▶ **Task statement**: Extract each line of the data and write it out again exactly.

────────────────────────────────────────

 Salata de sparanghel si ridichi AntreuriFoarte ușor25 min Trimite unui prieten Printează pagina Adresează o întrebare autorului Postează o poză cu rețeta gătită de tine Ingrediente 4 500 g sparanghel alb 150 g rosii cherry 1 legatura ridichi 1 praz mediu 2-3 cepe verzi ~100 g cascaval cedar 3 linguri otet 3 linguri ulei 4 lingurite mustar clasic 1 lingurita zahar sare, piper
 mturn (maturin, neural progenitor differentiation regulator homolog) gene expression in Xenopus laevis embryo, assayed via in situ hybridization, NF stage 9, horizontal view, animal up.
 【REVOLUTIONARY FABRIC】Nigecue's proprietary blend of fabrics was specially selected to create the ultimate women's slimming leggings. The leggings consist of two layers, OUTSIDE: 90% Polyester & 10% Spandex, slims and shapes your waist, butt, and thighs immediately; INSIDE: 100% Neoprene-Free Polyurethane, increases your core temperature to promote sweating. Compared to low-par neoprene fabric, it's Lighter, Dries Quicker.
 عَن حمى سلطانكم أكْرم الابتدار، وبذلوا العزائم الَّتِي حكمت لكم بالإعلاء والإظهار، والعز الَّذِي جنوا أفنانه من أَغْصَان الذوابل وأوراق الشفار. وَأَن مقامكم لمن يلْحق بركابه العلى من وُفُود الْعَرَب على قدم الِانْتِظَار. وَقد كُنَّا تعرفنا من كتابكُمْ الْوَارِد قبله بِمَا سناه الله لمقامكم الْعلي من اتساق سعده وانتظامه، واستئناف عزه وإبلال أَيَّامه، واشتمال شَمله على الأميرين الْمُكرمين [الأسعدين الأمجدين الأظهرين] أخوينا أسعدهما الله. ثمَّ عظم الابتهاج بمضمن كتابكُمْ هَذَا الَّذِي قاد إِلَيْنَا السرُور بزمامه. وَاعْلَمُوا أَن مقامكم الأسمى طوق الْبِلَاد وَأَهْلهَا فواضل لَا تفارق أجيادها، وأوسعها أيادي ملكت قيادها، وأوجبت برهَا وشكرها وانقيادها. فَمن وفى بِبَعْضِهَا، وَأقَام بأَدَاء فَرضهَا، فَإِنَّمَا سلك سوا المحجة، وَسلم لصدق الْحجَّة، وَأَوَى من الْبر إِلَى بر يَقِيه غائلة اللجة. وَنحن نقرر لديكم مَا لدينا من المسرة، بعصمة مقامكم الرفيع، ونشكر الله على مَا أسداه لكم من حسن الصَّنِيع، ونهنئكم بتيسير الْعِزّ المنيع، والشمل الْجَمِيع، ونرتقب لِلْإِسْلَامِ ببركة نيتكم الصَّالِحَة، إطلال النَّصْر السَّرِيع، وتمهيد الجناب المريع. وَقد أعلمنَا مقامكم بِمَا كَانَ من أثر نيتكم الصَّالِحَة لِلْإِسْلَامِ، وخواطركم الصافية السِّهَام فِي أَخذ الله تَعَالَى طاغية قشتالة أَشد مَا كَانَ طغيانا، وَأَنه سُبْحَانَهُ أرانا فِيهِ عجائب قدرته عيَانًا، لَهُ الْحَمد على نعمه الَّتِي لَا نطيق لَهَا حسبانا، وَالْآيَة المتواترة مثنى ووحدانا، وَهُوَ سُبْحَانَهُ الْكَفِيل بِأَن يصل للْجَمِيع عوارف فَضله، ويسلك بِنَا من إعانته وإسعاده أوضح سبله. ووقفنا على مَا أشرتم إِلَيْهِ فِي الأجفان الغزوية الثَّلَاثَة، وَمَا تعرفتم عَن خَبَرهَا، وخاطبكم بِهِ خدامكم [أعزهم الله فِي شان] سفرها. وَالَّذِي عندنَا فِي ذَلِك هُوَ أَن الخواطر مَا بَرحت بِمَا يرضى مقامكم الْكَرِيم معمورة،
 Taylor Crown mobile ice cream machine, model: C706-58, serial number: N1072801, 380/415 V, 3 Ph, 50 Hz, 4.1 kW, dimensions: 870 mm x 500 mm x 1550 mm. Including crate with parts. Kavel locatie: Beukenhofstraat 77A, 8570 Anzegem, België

────────────────────────────────────────

▶ **Exercise output**:
 Salata de sparanghel si ridichi AntreuriFoarte ușor25 min Trimite unui prieten Printează pagina Adresează o întrebare autorului Postează o poză cu rețeta gătită de tine Ingrediente 4 500 g sparanghel alb 150 g rosii cherry 1 legatura ridichi 1 praz mediu 2-3 cepe verzi ~100 g cascaval cedar 3 linguri otet 3 linguri ulei 4 lingurite mustar clasic 1 lingurita zahar sare, piper
 mturn (maturin, neural progenitor differentiation regulator homolog) gene expression in Xenopus laevis embryo, assayed via in situ hybridization, NF stage 9, horizontal view, animal up.
 【REVOLUTIONARY FABRIC】Nigecue's proprietary blend of fabrics was specially selected to create the ultimate women's slimming leggings. The leggings consist of two layers, OUTSIDE: 90% Polyester & 10% Spandex, slims and shapes your waist, butt, and thighs immediately; INSIDE: 100% Neoprene-Free Polyurethane, increases your core temperature to promote sweating. Compared to low-par neoprene fabric, it's Lighter, Dries Quicker.
 عَن حمى سلطانكم أكْرم الابتدار، وبذلوا العزائم الَّتِي حكمت لكم بالإعلاء والإظهار، والعز الَّذِي جنوا أفنانه من أَغْصَان الذوابل وأوراق الشفار. وَأَن مقامكم لمن يلْحق بركابه العلى من وُفُود الْعَرَب على قدم الِانْتِظَار. وَقد كُنَّا تعرفنا من كتابكُمْ الْوَارِد قبله بِمَا سناه الله لمقامكم الْعلي من اتساق سعده وانتظامه، واستئناف عزه وإبلال أَيَّامه، واشتمال شَمله على الأميرين الْمُكرمين [الأسعدين الأمجدين الأظهرين] أخوينا أسعدهما الله. ثمَّ عظم الابتهاج بمضمن كتابكُمْ هَذَا الَّذِي قاد إِلَيْنَا السرُور بزمامه. وَاعْلَمُوا أَن مقامكم الأسمى طوق الْبِلَاد وَأَهْلهَا فواضل لَا تفارق أجيادها، وأوسعها أيادي ملكت قيادها، وأوجبت برهَا وشكرها وانقيادها. فَمن وفى بِبَعْضِهَا، وَأقَام بأَدَاء فَرضهَا، فَإِنَّمَا سلك سوا المحجة، وَسلم لصدق الْحجَّة، وَأَوَى من الْبر إِلَى بر يَقِيه غائلة اللجة. وَنحن نقرر لديكم مَا لدينا من المسرة، بعصمة مقامكم الرفيع، ونشكر الله على مَا أسداه لكم من حسن الصَّنِيع، ونهنئكم بتيسير الْعِزّ المنيع، والشمل الْجَمِيع، ونرتقب لِلْإِسْلَامِ ببركة نيتكم الصَّالِحَة، إطلال النَّصْر السَّرِيع، وتمهيد الجناب المريع. وَقد أعلمنَا مقامكم بِمَا كَانَ من أثر نيتكم الصَّالِحَة لِلْإِسْلَامِ، وخواطركم الصافية السِّهَام فِي أَخذ الله تَعَالَى طاغية قشتالة أَشد مَا كَانَ طغيانا، وَأَنه سُبْحَانَهُ أرانا فِيهِ عجائب قدرته عيَانًا، لَهُ الْحَمد على نعمه الَّتِي لَا نطيق لَهَا حسبانا، وَالْآيَة المتواترة مثنى ووحدانا، وَهُوَ سُبْحَانَهُ الْكَفِيل بِأَن يصل للْجَمِيع عوارف فَضله، ويسلك بِنَا من إعانته وإسعاده أوضح سبله. ووقفنا على مَا أشرتم إِلَيْهِ فِي الأجفان الغزوية الثَّلَاثَة، وَمَا تعرفتم عَن خَبَرهَا، وخاطبكم بِهِ خدامكم [أعزهم الله فِي شان] سفرها. وَالَّذِي عندنَا فِي ذَلِك هُوَ أَن الخواطر مَا بَرحت بِمَا يرضى مقامكم الْكَرِيم معمورة،
 Taylor Crown mobile ice cream machine, model: C706-58, serial number: N1072801, 380/415 V, 3 Ph, 50 Hz, 4.1 kW, dimensions: 870 mm x 500 mm x 1550 mm. Including crate with parts. Kavel locatie: Beukenhofstraat 77A, 8570 Anzegem, België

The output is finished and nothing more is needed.